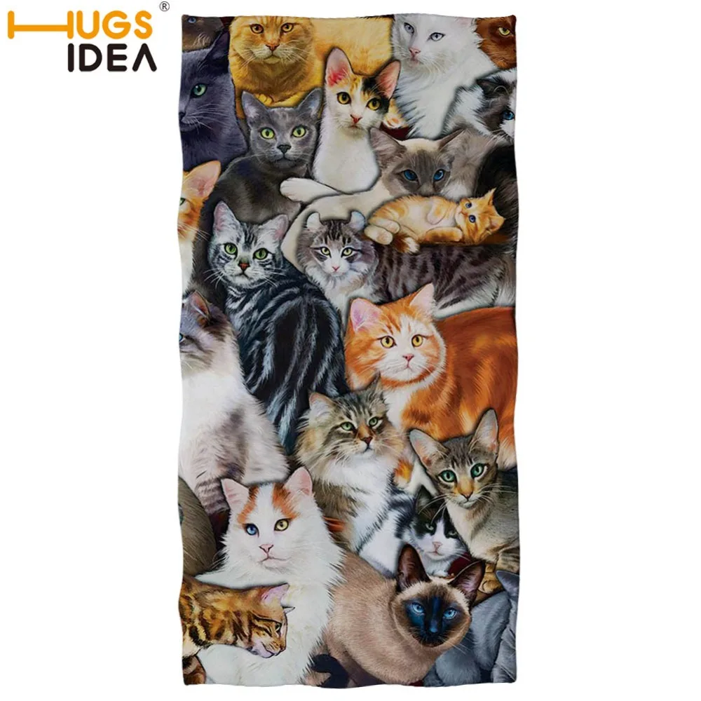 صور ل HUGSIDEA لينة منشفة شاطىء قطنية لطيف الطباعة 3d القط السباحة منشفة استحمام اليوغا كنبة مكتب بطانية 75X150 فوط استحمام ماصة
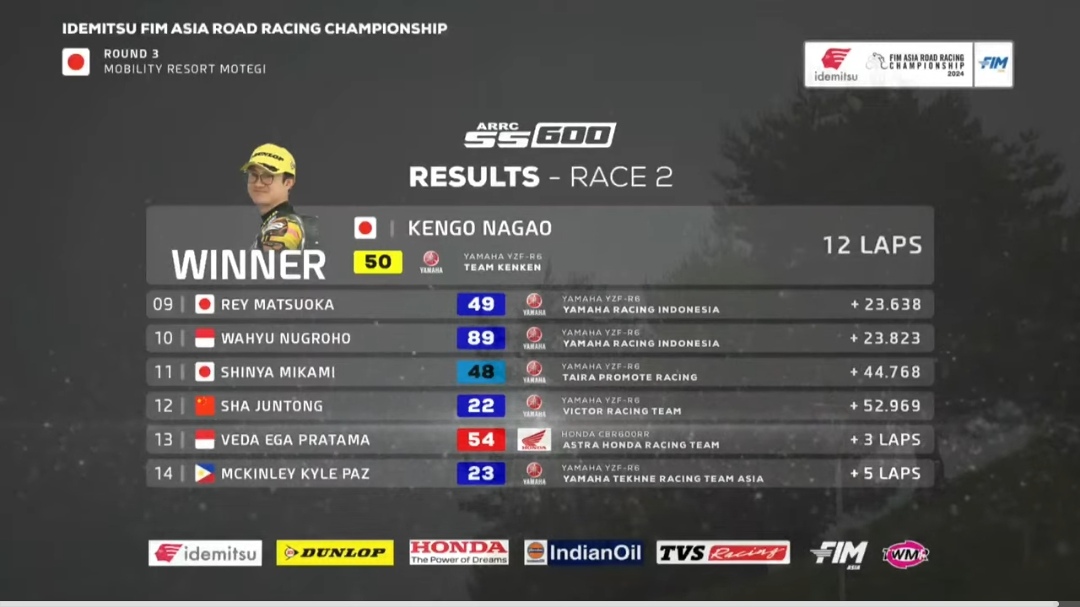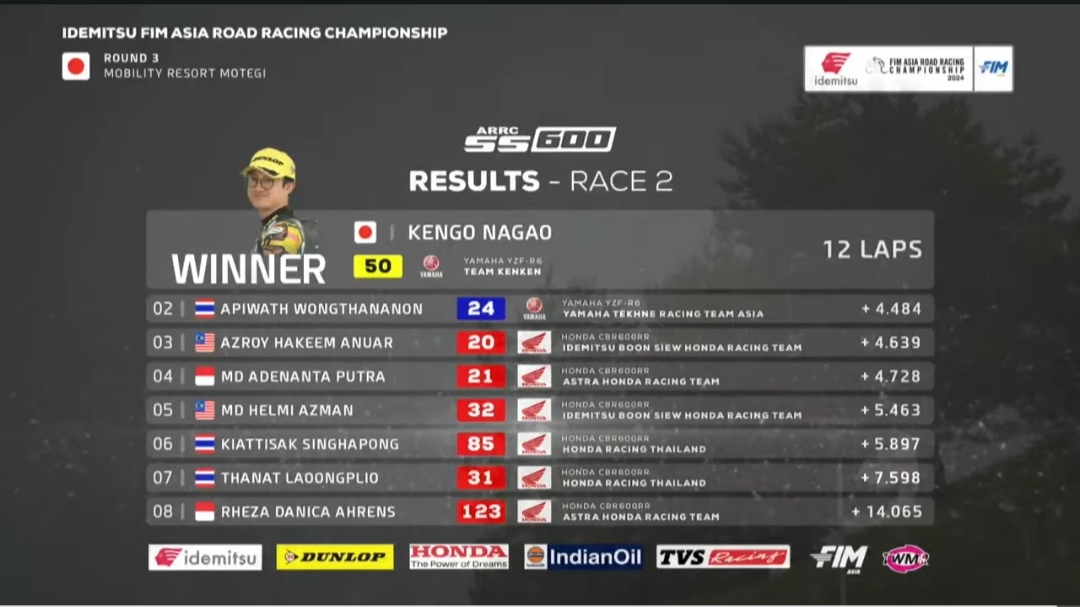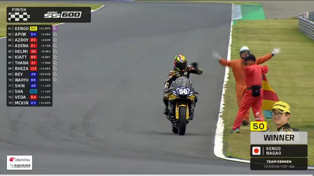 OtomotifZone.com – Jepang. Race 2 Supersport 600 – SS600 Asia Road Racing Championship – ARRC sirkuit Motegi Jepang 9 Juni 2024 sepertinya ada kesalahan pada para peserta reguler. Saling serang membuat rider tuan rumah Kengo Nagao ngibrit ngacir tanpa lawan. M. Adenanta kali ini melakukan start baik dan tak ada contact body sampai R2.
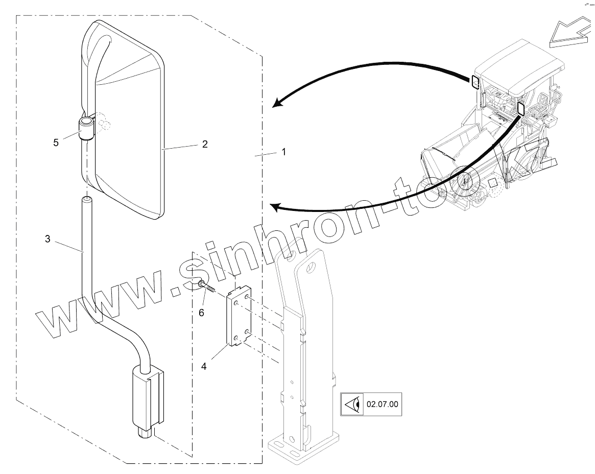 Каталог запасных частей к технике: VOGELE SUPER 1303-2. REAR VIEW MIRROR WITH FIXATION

--

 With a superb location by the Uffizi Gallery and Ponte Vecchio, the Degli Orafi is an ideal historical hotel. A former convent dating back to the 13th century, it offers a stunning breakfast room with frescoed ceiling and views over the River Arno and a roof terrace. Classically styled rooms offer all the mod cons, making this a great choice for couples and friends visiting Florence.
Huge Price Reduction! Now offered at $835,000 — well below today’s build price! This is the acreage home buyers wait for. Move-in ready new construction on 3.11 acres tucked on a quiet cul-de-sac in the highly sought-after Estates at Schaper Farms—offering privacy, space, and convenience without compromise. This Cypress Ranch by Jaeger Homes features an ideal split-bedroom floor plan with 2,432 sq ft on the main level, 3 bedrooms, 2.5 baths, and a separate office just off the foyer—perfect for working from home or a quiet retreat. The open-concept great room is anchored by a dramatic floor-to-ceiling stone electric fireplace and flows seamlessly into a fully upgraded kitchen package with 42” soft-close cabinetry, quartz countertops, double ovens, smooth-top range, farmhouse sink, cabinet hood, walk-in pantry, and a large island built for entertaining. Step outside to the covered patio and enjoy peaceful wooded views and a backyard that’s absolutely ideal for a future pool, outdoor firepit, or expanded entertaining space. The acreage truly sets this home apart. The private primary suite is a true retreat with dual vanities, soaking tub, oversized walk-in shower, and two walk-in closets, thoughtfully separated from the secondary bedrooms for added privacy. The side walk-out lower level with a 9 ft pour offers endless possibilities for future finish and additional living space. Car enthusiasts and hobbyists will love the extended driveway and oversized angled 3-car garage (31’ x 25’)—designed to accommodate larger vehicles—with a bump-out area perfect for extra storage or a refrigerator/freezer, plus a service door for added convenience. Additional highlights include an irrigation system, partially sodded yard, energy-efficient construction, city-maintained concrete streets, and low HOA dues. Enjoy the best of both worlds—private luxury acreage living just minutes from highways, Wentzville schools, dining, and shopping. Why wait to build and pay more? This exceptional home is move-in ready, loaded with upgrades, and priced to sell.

==

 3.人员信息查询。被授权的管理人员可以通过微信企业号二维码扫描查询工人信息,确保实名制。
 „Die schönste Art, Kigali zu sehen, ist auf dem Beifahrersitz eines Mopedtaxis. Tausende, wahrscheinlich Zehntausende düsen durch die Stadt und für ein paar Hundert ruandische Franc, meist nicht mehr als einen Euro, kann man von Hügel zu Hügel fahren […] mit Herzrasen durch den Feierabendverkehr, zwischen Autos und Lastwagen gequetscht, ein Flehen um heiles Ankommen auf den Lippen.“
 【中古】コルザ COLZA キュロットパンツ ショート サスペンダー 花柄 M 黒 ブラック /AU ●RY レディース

> _WORK TO COMPLETE_
Give again the lines of the listing above that run from the one with "OtomotifZone.com – Jepang." up to and including the one with "Каталог запасных частей". Keep them exact and omit the pictures.

> _RESULT FOR THIS EXERCISE_
 OtomotifZone.com – Jepang. Race 2 Supersport 600 – SS600 Asia Road Racing Championship – ARRC sirkuit Motegi Jepang 9 Juni 2024 sepertinya ada kesalahan pada para peserta reguler. Saling serang membuat rider tuan rumah Kengo Nagao ngibrit ngacir tanpa lawan. M. Adenanta kali ini melakukan start baik dan tak ada contact body sampai R2.
 Каталог запасных частей к технике: VOGELE SUPER 1303-2. REAR VIEW MIRROR WITH FIXATION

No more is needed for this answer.